If you have a dataset that could be valuable for biomedical research, here are a few key points to consider from our perspective as data integrators and users in research-centric biotech and pharma projects.
Sharing this from my outbox, it is written from the perspective of a biomedical data integrator and user in small, mostly research-centric biotech/pharma projects that involve acquiring, centralising (databases/knowledge graphs), and feeding data into ML/AI workflows.
Make myself (re-)acquainted with FAIR data principles. I would evaluate the costs and benefits of making the data more findable, accessible, interoperable and reusable.
Publish. Domain specialists often require a reliable reference before engaging with data, ideally through a peer-reviewed publication. Publishing a use-case-driven analysis or modeling study can attract more attention than the dataset description alone.

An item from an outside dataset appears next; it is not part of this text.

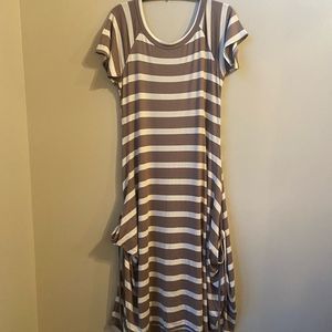 Features: sun dress, swim coverup, stripes, taupe and white, round neck, short sleeves

Make it visible in domain-specific aggregators. We list several ones we use at https://biokeanos.com/product#metasources. Some of them allow for direct submission.
Open source. At least in part. Even a 10% lateral or vertical slice of the data can speed up the integration and drive the recognition. The right licensing is important. In smaller organisations, researchers are more likely to explore non-gated data. And who knows, maybe the data might even be used (and cited) without having to spend effort on persuading academics?
To reiterate - the points reflect a specific perspective shaped by experience in smaller, ML/AI research projects and may not necessarily translate to your circumstances.